After having read over Amos-Goodwin’s nomination packet, Moore said that she was amazed that one woman could accomplish all of these wonderful things.
“I believe that when we do for the least of our brothers we are never alone, for God’s unconditional love and support carries us through to completion and empowers us to continue his work here on earth,” Moore said.
It is this godly empowerment that has allowed Amos-Goodwin to make huge strides in assisting organizations that help children. Toward that goal she has chaired efforts that the Knights of Peter Claver have made for children and helped raise scholarship money for the United Negro College Fund.
She also organized a baby shower for 12 single mothers ages 18 and older that provided them with necessities from diapers to cribs and car seats.
“I contacted the proper agencies to get these young women what they needed during this difficult time. I tend to volunteer for committees geared toward aiding children,” she said.
Though not a mother herself, she nurtures those most in need.
“No wonder I don’t get any sleep,” she said. “When I think about all I do, it sounds so tiring. But you can miss a few hours of sleep, maybe give up a few weekends of rest to serve. We must all be cognizant of the needs of our community.”
Amos-Goodwin attributes her commitment to giving to her mother’s example. She used to serve on the Charleston County Council.
“She just expected me to do volunteer work,” Amos-Goodwin said. “I saw what had to be done and knew that I just didn’t have a choice.”
Neither did she have a choice about receiving some well-deserved notice from the SCCCW.
“Winning this award made me think maybe what I am doing is the right thing, but I don’t do this for accolades,” she said. “I learned early on that giving is fulfilling. If people are out there helping and aren’t fulfilled, they’ve chosen the wrong way to help.”
In addition to all of her community work Amos-Goodwin has a full-time job. She works for the Office of Cultural Affairs as the coordinator for the annual MOJA arts festival held each fall.
The 10-day African-American Caribbean arts festival is a time for artists to showcase their work. The festival includes food, music, and social awareness. Amos-Goodwin doesn’t let any opportunity pass. She uses the arts festival to disperse information to make the community a better place.
Festival booths represent groups ranging from the Center for Equal Justice to renters to buyers and others, she said. “We get out the information that the community needs. I see that need and MOJA is a great platform.”

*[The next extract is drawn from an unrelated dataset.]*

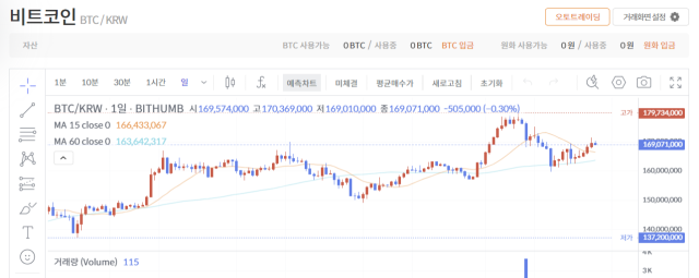 截至28日上午8:00,某交易所的BTC交易价格为169,071,000韩元,比前一天下跌0.30%。

“I just have to do all that I do,” said Amos-Goodwin. “The world is filled with so many issues, problems, and concerns. If we can make a difference in our hometowns the world will be a better place.”
Moore said that Amos-Goodwin is one of those people who sees the needs of her brothers and sisters and answers the call, and that she deserves the notice she received.
“I can’t imagine anyone being more deserving,” she said.